Seif al-Islam captured in the Sahara

With news today that Seif al-Islam el-Gaddafi has been captured, the Gaddafi era in Libya appears to have come to a definitive close.  Seif al-Islam was the cat with nine lives: a playboy turned London School of Economics scholar, sometime reformer — as I dissected in this post, Hugh Roberts and others put inordinate faith in this phase — and, in the end, shameless regime apologist.  Seif al-Islam had his father’s flair for the dramatic gesture — his midnight appearance as the rebels stormed Tripoli earned my grudging admiration — and he had the same slick, English-fluent demeanor of another would-be heir, Gamal Mubarak, that made a favorable impression on Westerners who knew little about the Middle East so invariably called him ‘modern.’
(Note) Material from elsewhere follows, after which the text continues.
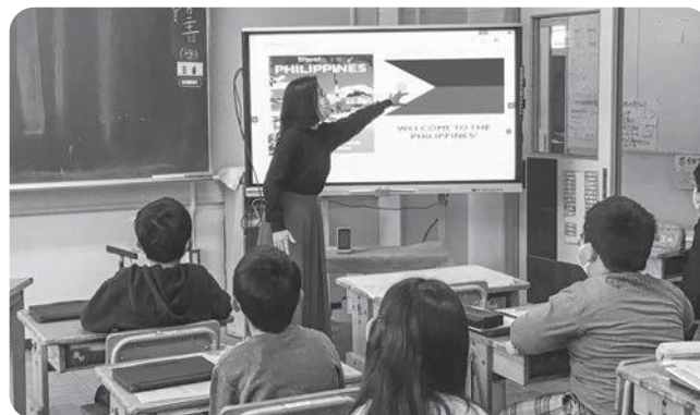
電子黒板の購入(小学校・中学校) 1,397万円

It is good that Seif al-Islam has not been killed (yet) in cold blood, as his father was, but he is going to be challenging to prosecute in any legitimate court of law.  One of the most obnoxious things about Seif al-Islam to many Libyans was that, though he spoke with authority on behalf of the country, technically he was just an ordinary citizen in no position to speak for anyone but himself.  His father, too, positioned himself outside the formal structure of government, as a Leader rather than President, but this was a fig leaf and the father’s authority came from having launched the coup d’état in 1969 that toppled the king.  But Seif al-Islam was nobody: he was just a son trying to muscle his way into the family business, to which he felt entitled.  Like Gamal Mubarak, he reaped great rewards along the way but the ultimate prize eluded him at the last.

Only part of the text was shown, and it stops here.